◆ ABOUT THIS TASK
Please give the number of lines that hold the string "from" in the listing, without any other words.

◆ DATA FOR THE TASK
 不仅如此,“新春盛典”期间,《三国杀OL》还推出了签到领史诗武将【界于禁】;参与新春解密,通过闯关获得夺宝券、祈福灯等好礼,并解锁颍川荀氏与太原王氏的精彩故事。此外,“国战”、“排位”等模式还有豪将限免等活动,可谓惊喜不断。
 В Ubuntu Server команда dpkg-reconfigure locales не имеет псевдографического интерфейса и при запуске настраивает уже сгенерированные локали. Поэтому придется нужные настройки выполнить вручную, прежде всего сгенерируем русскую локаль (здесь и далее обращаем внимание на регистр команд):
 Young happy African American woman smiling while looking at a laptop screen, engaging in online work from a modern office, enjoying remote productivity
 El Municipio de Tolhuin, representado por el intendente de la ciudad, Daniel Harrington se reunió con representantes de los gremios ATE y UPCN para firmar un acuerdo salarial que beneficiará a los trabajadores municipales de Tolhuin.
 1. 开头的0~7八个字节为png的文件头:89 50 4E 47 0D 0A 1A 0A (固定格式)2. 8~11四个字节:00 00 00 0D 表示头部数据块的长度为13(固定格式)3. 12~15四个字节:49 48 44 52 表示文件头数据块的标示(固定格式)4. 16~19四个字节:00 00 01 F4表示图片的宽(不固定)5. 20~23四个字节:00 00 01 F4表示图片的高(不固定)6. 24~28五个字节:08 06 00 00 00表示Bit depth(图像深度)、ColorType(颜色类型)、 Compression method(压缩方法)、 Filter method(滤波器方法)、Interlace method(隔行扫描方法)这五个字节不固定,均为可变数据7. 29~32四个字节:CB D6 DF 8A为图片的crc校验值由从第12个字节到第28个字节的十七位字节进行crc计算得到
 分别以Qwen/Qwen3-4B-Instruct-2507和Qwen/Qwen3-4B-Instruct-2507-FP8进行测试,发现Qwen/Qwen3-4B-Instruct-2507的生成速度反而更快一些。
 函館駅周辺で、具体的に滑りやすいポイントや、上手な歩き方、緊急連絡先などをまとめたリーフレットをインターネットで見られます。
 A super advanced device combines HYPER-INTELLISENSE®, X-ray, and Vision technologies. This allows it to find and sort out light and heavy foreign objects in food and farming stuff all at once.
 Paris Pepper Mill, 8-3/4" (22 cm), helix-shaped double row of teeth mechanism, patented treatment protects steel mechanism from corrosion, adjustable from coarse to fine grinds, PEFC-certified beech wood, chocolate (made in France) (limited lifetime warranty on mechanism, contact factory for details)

◆ RESPONSE TO THIS EXERCISE
2